The Regenstrief Institute, which supports informatics research, is making precision health a priority moving forward, the organization’s new CEO Peter Embi told Healthcare Informatics. Specifically, the nonprofit research group wants to help bring “impactful information to the right person at the right place at the right time based on molecular and personal information and their phenotype.”
Embi added that the institute’s close ties with Indiana University’s Health Information Exchange provides access to “an unparalleled set of data” along with clinical relationships with IU’s health system.
Meanwhile, researchers at Dana Farber and the Boston Children’s Cancer and Blood Disorders Center have released a new study that uses genetic testing to improve diagnosis and treatment options. Based on clinical testing of more than 200 tumors, researchers found that genetic markers could help clinicians decide which drugs or therapies to use.
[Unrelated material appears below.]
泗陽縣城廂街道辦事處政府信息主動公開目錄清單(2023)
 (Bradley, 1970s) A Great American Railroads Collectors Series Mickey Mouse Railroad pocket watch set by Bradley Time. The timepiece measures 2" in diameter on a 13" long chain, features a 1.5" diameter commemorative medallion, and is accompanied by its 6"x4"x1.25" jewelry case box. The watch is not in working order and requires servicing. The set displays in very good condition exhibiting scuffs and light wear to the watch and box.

“The importance of genomic profiling in the diagnosis and treatment of pediatric brain cancers is reflected in the World Health Organization’s recent decision to classify such tumors by the genetic alterations within them, rather than by broad tumor type,” co-senior author of the study, Susan Chi, M.D., said in the release. "Targeted therapies are likely to be most effective when they’re matched to specific abnormalities within tumor cells. Our findings show that precision medicine for pediatric brain tumors can now be a reality.”
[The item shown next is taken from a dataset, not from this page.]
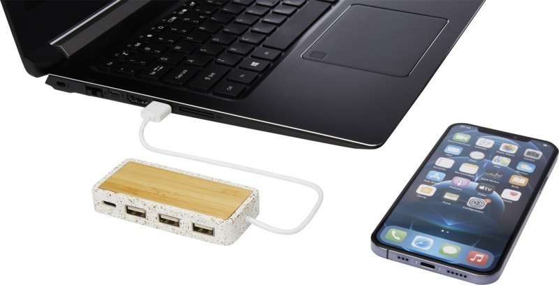 Концентратор USB 2.0, изготовленный из сочетания натурального терраццо и бамбука. Включает 1 выход Type-C и 3 выхода USB-A. Поставляется в подарочной коробке и с инструкцией по эксплуатации (изготовленных из экологичных материалов). Limestone, Бамбуковое дерево.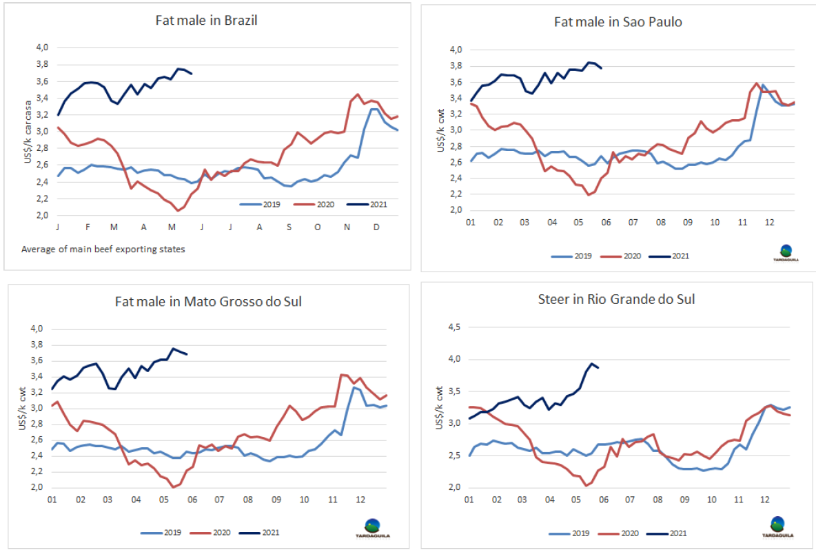 自2018年七月起,巴西牛肉月出口量連續(xù)34個月超過10萬噸。在此之前,月出口量超過10萬噸連續(xù)最長的階段是自2006年5月至2007年6月的連續(xù)14個月。據分析,這是強勁的國際市場需求所導致的,尤其是來自中國的需求。巴西的產能無法跟上日益增長的需求,帶來的結果則是待宰牛、架子牛和國內市場牛肉價格的持續(xù)上漲。2018年7月育肥牛平均價格209雷亞爾/15公斤,2018年年末育肥牛價格上漲至219雷亞爾/15公斤。2019年年初育肥牛參考價220雷亞爾/15公斤,2020年育肥牛價格達300雷亞爾/15公斤。2021年前5個月育肥牛價格達310雷亞爾/15公斤,今年年底到期的期貨合約價格將達約330雷亞爾/15公斤。

Researchers are exploring the effects of genetic testing following the announcement of President Obama’s Precision Medicine Initiative, which some have called a “turning point in medicine.” The 21st Century Cures Act recently provided an additional $1.4 billion in funding for the initiative. Recently, outgoing FDA Commissioner Robert M. Califf said a new regulatory framework by the agency will allow for advancements in next-generation sequencing.